What to skip — the marketed-but-unevidenced category
- "Spike protein detox" protocols — typically combine high-dose nattokinase, bromelain, and assorted herbs. The premise (residual spike protein causing symptoms) is not established, the evidence for the proposed agents is preclinical at best, and the cost of the typical protocol is substantial. We do not recommend.
- "Long COVID complex" multi-ingredient products — same pattern as PCOS or anxiety complexes: sub-therapeutic doses of multiple plausible-sounding ingredients in one expensive capsule.
- Ivermectin (as a supplement) — multiple large RCTs have not supported efficacy in either acute COVID or long COVID. The agent is not a supplement; the supplement industry has marketed pharmaceutical-derived versions inappropriately.
- Hydroxychloroquine — same as above, plus more documented harms.
- "Heavy metal detox" panels and chelators — long COVID is not a heavy-metal toxicity syndrome.
- Methylene blue — promising mechanism, virtually no human long COVID data, narrow safety window, MAOI activity that creates real serotonergic-medication interactions.

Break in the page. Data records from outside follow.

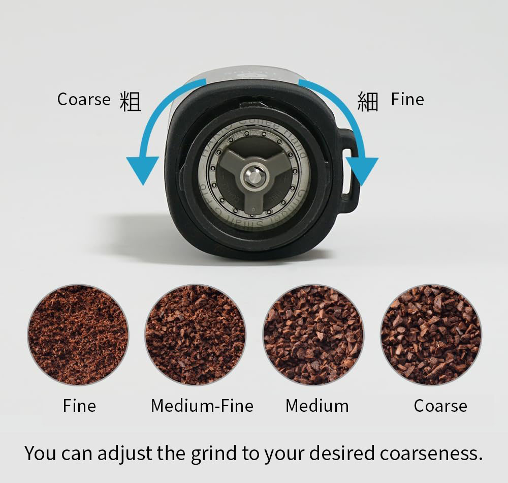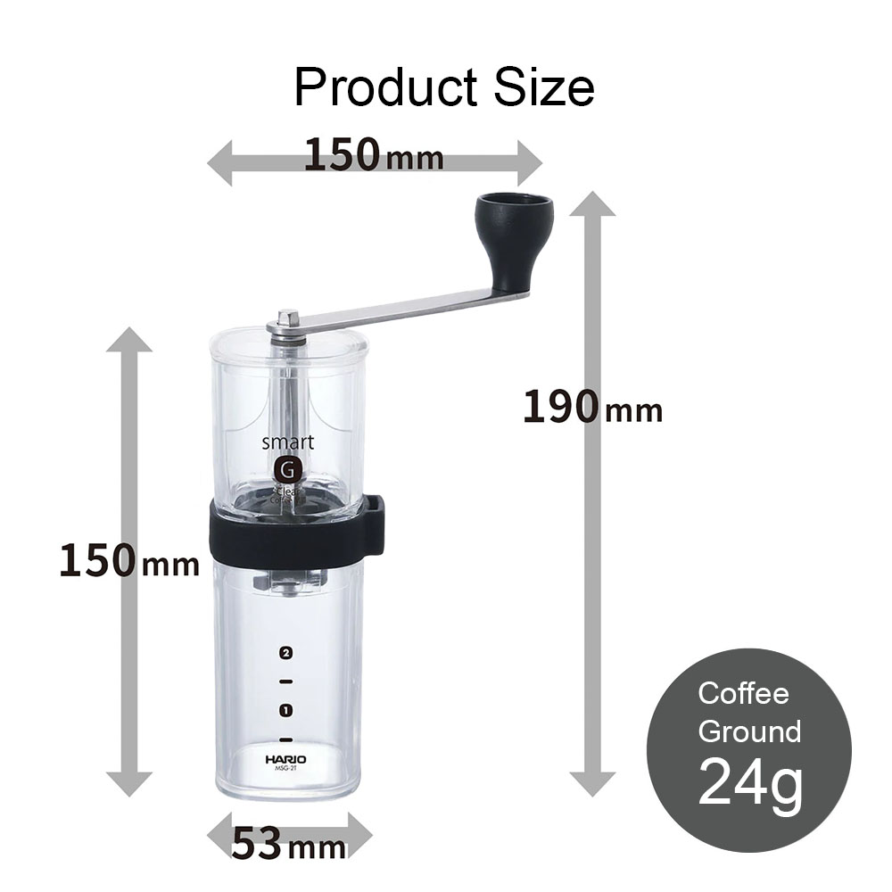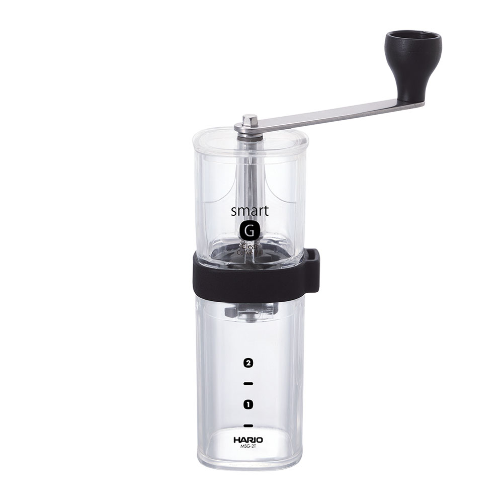 This coffee mill has a clear body, allowing you to see the beans at a glance.
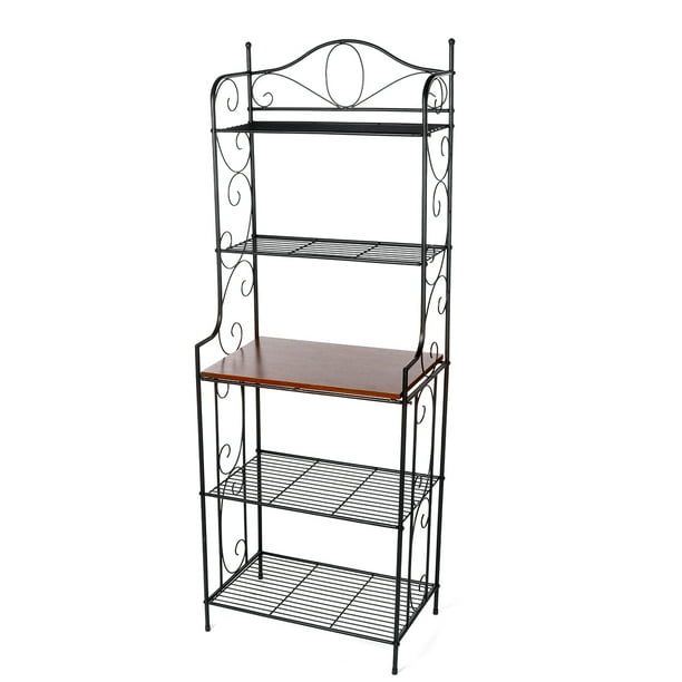 Basically a bakers rack can have several shelves and optional cabinets or drawers. It is usually made of metal but it can also be made of wood plastic or chrome. Generic Tribesigns Bakers Rack with Hutch Microwave Oven Stand 5-Tier Kitchen Utility Storage Shelf Height Free Standing Kitchen Org.
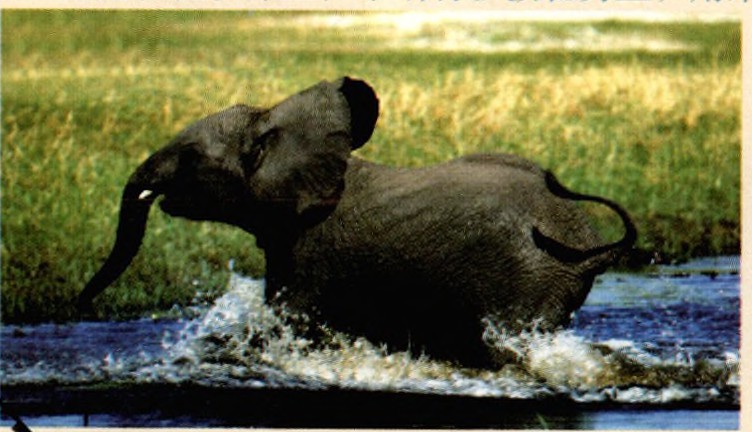最会戏水的陆地动物要算是大象了,它们会游泳,喜欢在泥水里打滚,更 好玩的是它们那长长的鼻子还是玩水的法宝——当一群大象聚在水边时,总是用鼻子吸水后再给同伴喷水,既是玩耍又能避暑。
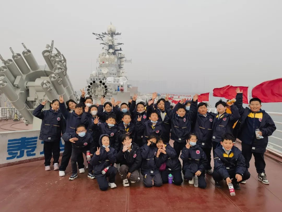 畅游海洋馆之后,同学们来到了天津泰达航母主题公园,登上了一艘真正的航空母舰。
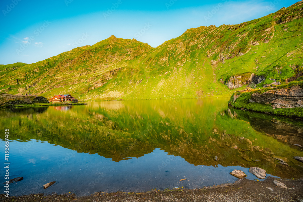 Fagaras mountains with Balea lake on Transfagarasan serpentine road in Sibiu County, Romania.
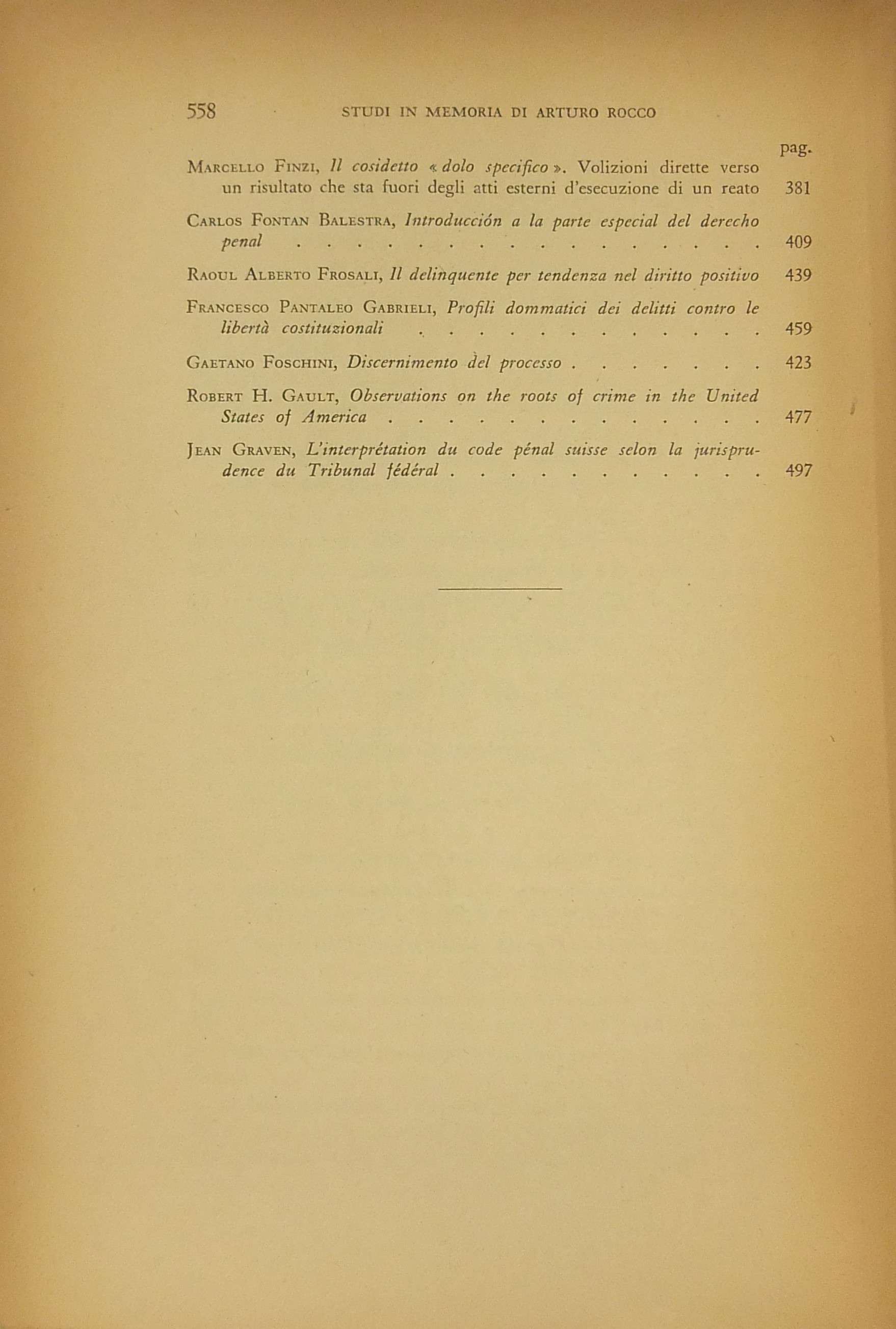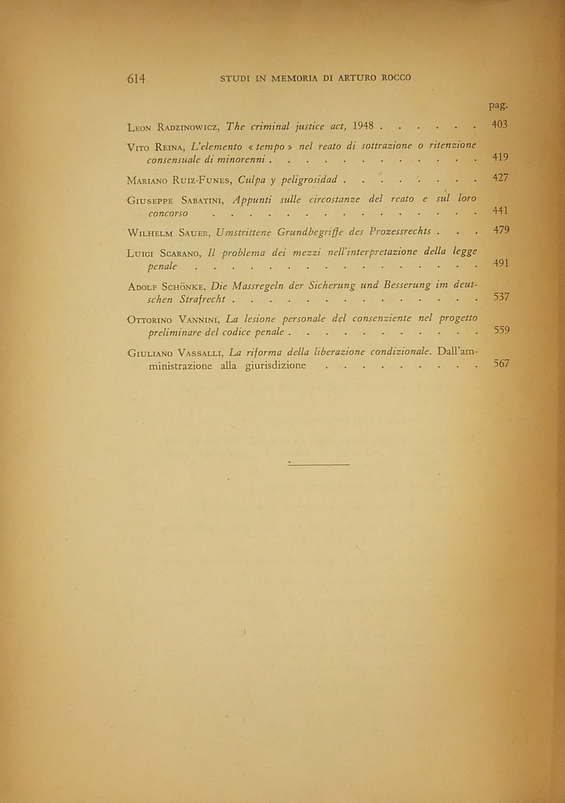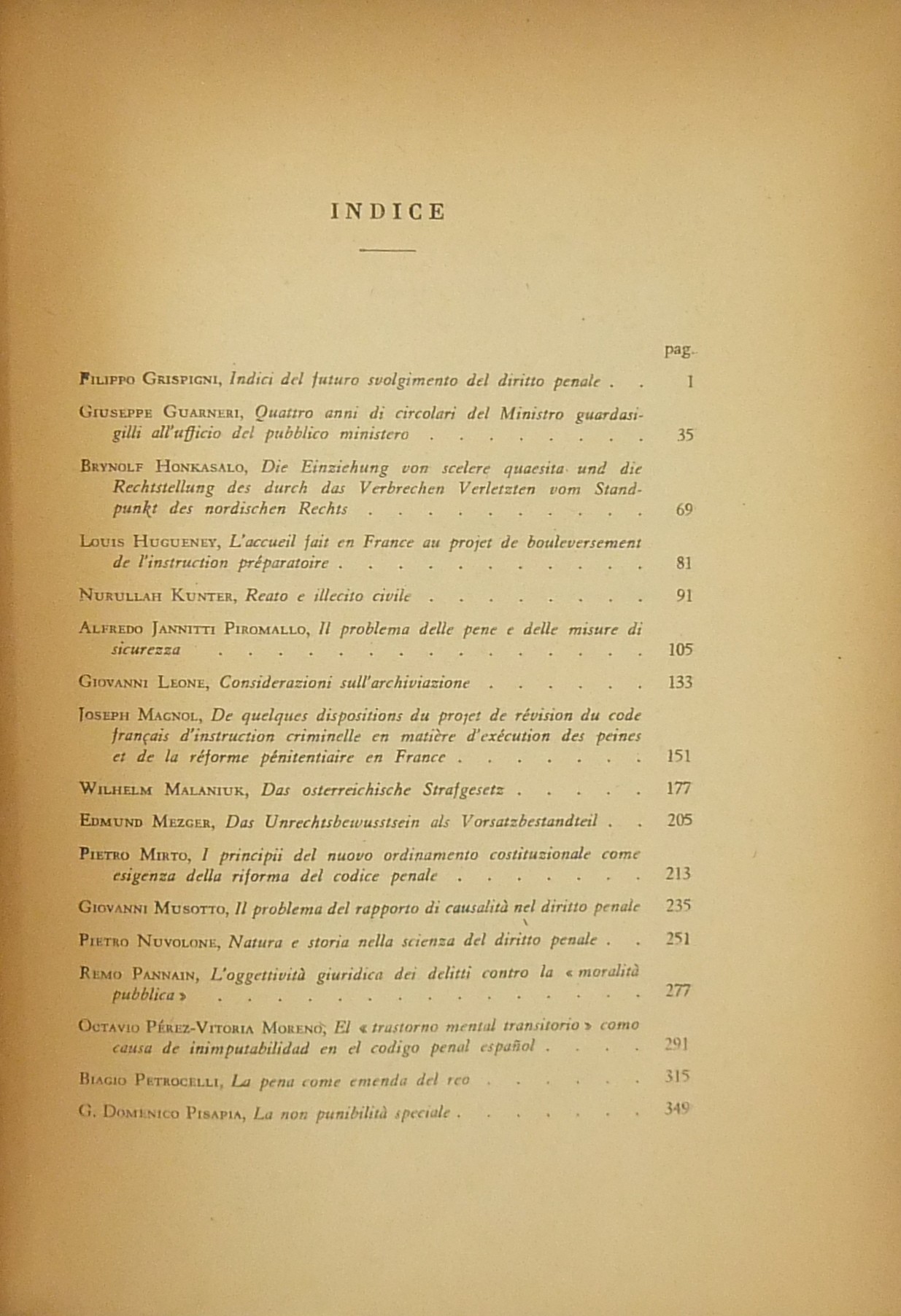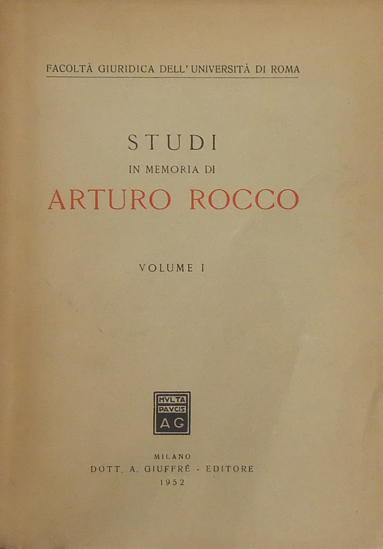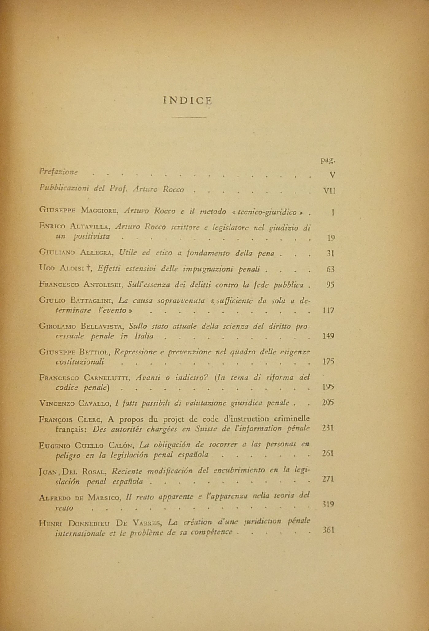 Ritratto fotografico di Arturo Rocco ad inizio volume. Scritti di: Allegra, ,Aloisi, Antolisei, Altavilla, Battaglini, Bellavista, Bettiol, Carnelutti, Cavallo, Clerc, Cuello Calon, De Marsico, Del Rosal, Donnedieu, De Vabres, Finzi, Fontan Balestra, G.Foschini, Frosali, Gabrieli, Gault, Graven, Grispigni, Guarneri, Honkasalo, Hugueney, Kunter, A.Jannitti Piromallo, G. Leone, Maggiore, Magnol, Malaniuk, Mezger, Mirto, Musotto, Nuvolone, Pannain, Perez Vitoria Moreno, Petrocelli, Pisapia, Radzinowicz, Reina, Ruiz Funes, Sabatini, Sauer, Scarano, Schonke, Vannini, G.Vassalli.
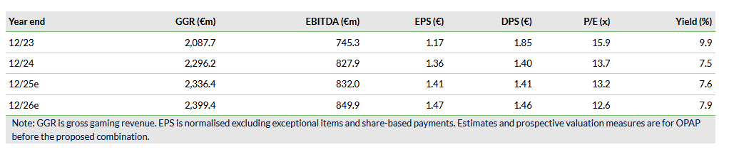 Σύμφωνα με τα στοιχεία, η διοίκηση εκτιμά ότι η συγχώνευση θα ενισχύσει την προσαρμοσμένη ανάπτυξη του EBITDA του ΟΠΑΠ για τα έτη 2024-2026, ανεβάζοντας τη σε μεσαία μονοψήφια ποσοστά, από χαμηλά μονοψήφια ποσοστά που εκτιμούσε προηγουμένως.
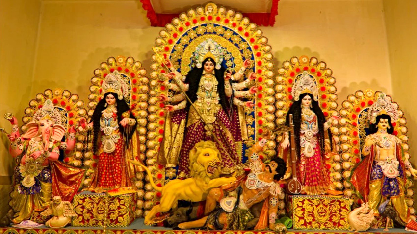 The five-day Sharadiya Durga Puja, the largest religious festival of the Bangalee Hindu community, began across the country on Sunday
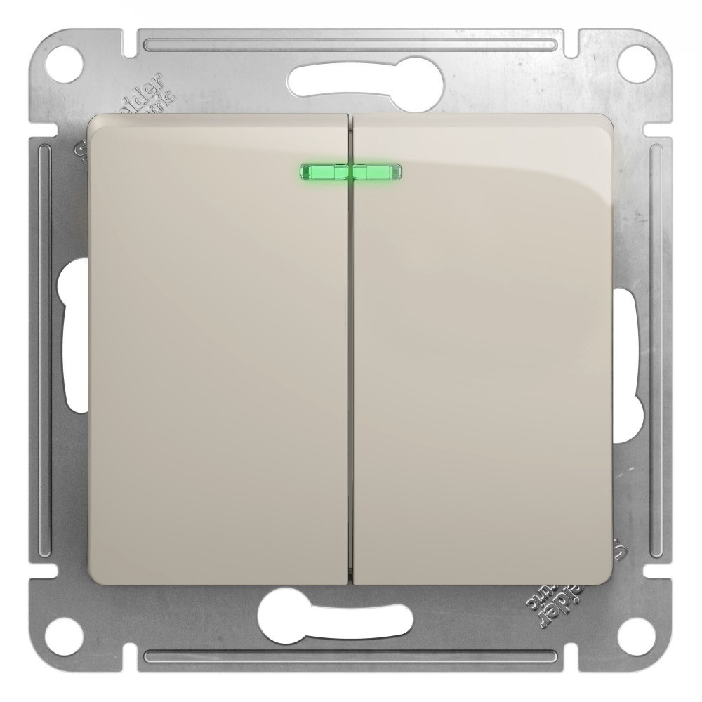 Выключатель Systeme Electric Glossa двухклавишный встраиваемый молочный с подсветкой (GSL000953)
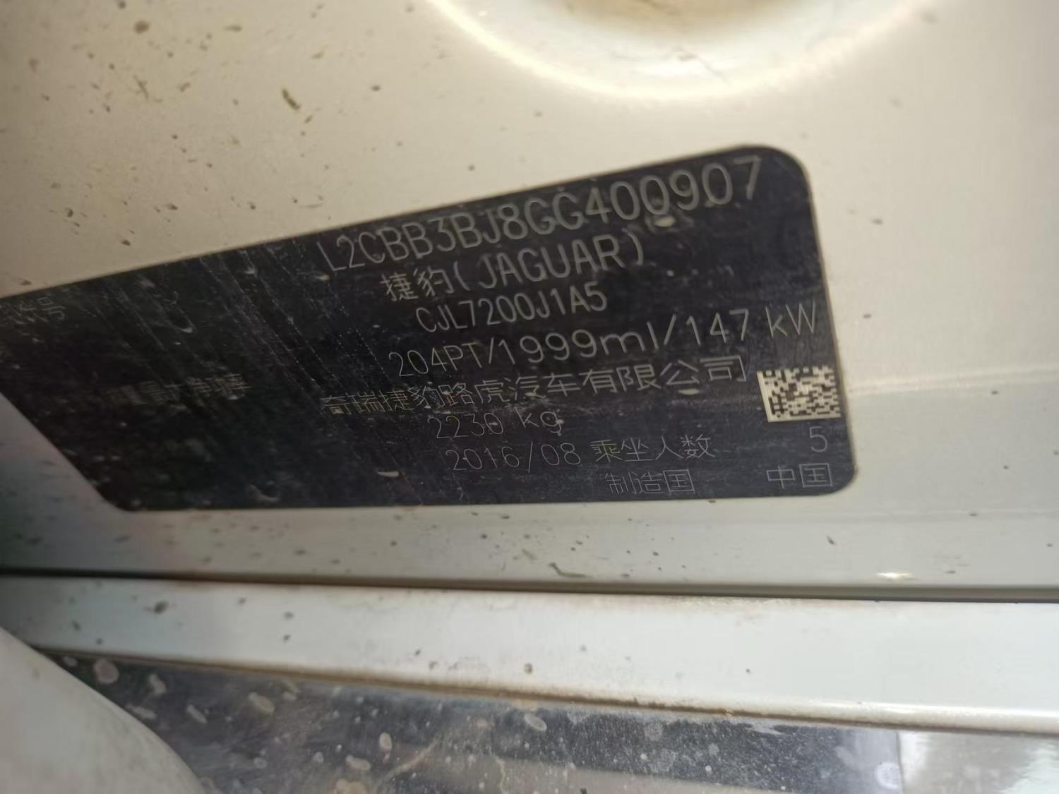 初次登记日期 2016-12-06 车辆名称 捷豹牌
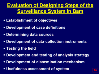 | The disease surveillance system in Bam has some strong and weak points as well. So to be brief, I can say that mentioned steps on the slide are, to some extent, taken into consideration, but still each of them needs further formal evaluation. |

The non-supplement layer that matters more
The interventions with the strongest evidence for long COVID symptom reduction are not in the supplement category. They include: pacing and energy management (reducing the post-exertional malaise cycle), graded exposure to upright posture for POTS-overlap symptoms, sleep optimisation, evidence-based cognitive rehabilitation for cognitive symptoms, and treatment of identified comorbidities. Vaccination status is also relevant — repeated infection appears to compound symptom burden in many cases. Supplements are at best an adjunct here.
What to track
Long COVID symptom tracking is hard because symptoms fluctuate dramatically. Useful approaches: a weekly fatigue scale (the Chalder Fatigue Scale is short and validated), a weekly post-exertional malaise log, and any specific symptom that's a personal priority. Don't change two things at once. Don't keep a supplement going past 12 weeks without an honest reassessment of effect.